Cookies and analytics
The website uses cookies to remember your cookie-consent choice and to keep your form inputs while you're filling them in. We don't use third-party advertising cookies. If you accept cookies, we record privacy-respecting, first-party analytics: the pages you view, where you arrived from, any campaign tags in the link, and your approximate location (city, state and country) worked out from your IP address at the time. We do not store your IP address itself, and none of this is linked to your identity. We use it to see which content is useful and, where relevant, to tailor the information and offers we show by region. Decline, and we record none of it. If we enable Google Analytics, it runs only on acceptance and with IP anonymisation.
Children
The website isn't directed at children, and we don't knowingly collect information from anyone under 18 through the website. In a family-law matter, we may hold information about your children. That information is protected to the same standard as the rest of the file.
Storage and security
Personal information is held in encrypted systems with access controls. We retain client files for a minimum of seven years after a matter concludes, as required by our professional obligations. Enquiries from prospective clients who do not engage us are retained for two years and then deleted. Newsletter subscriber lists are retained until you unsubscribe.
Data breaches
If a data breach is likely to result in serious harm, we follow the Notifiable Data Breaches scheme under the Privacy Act.

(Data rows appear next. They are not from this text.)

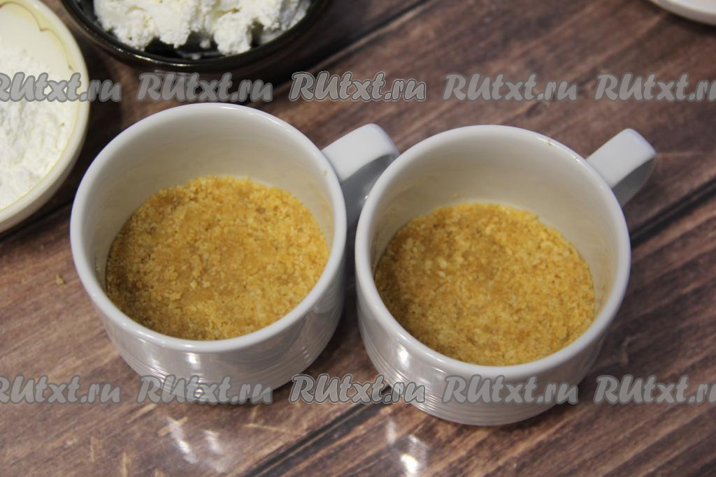 Подготовить продукты. Печенье измельчить в крошку. Сливочное масло растопить до жидкого состояния. Удобно растапливать масло в микроволновке, ставя на 30 секунд (не более), и затем обязательно проверяя масло, чтобы оно не перегрелось.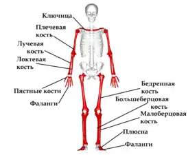 К длинным трубчатым костям относятся бедренная, большеберцовая и малоберцовая кости; плечевая, локтевая и лучевая кость. К коротким трубчатым костям относят пястные и плюсневые кости, а также фаланги пальцев. Длинные кости нижних конечностей составляют приблизительно половину роста человека.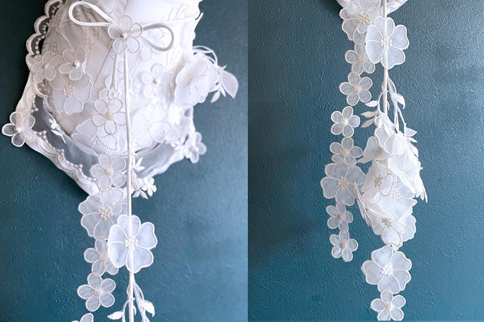 - ウェディングドレスなどの高品質な素材や繊細な作りのパーツを丁寧に取り外し、再利用して美しいトロフィーに仕上げます。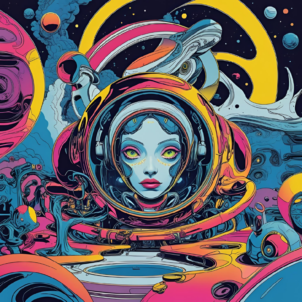 A vibrant and surreal artwork featuring a woman in a stylized spacesuit, her pale face contrasting with bold, psychedelic colors. The piece is set against an abstract cosmic backdrop filled with swirling nebulae, orbiting planets, and geometric shapes. The image evokes a sense of nostalgia for retro-futuristic aesthetics, blending elements of vintage sci-fi with a contemporary, eye-catching color palette.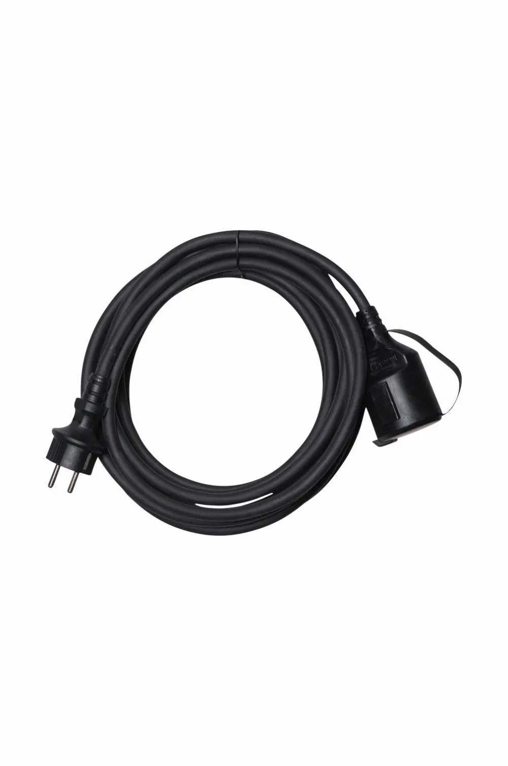 Forlængerkabel til udendørs brug. 7 meter langt sort kabel med et stik. IP44. Pære medfølger ikke.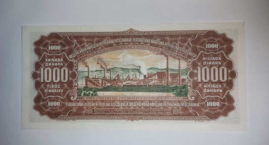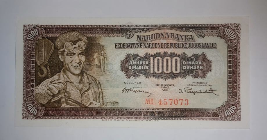 Prodam bankovec 1000 dinarjev 1955 aUNC.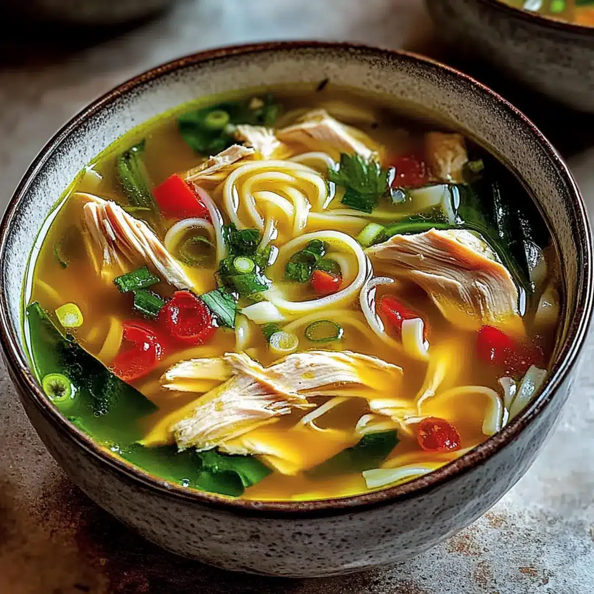 Definitely! If you’re cooking for anyone with dietary restrictions, be sure to choose low-sodium chicken broth if sodium is a concern. Additionally, for gluten-free options, opt for rice noodles or gluten-free noodles. This soup can easily be made vegetarian by substituting chicken with tofu, ensuring it’s inclusive for everyone at the table.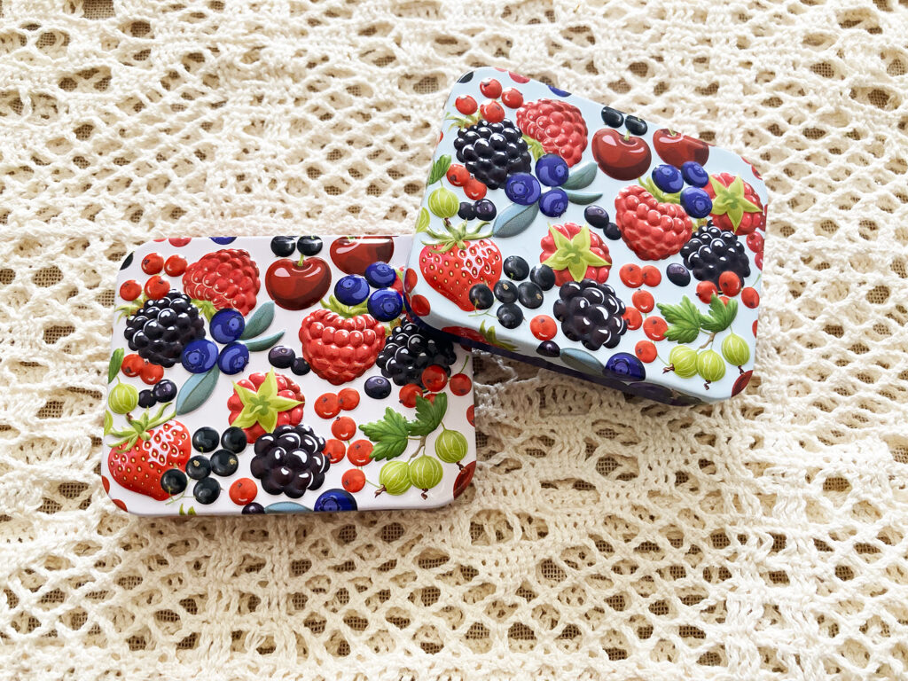 ベリー柄のミニ缶です🫐 甘いキャンディ入りでプチギフトにおすすめ🎀

We'll notify you and the Office of the Australian Information Commissioner as soon as practicable.
Access and correction
You can request access to or correction of the personal information we hold about you. Email enquiries@forgelegal.com.au. We'll respond within 30 days. There's no fee for a reasonable access request; we may charge if you ask for substantial copying or formatting work.
Complaints
If you believe we have mishandled your personal information, contact us first using the details above. We'll acknowledge within five business days and resolve or substantively respond within 30 days. If you're not satisfied with our response, you can complain to the Office of the Australian Information Commissioner (oaic.gov.au) within 12 months of becoming aware of the issue.
Updates
We may update this policy. The version on this page is always the current one. Last updated: May 2026.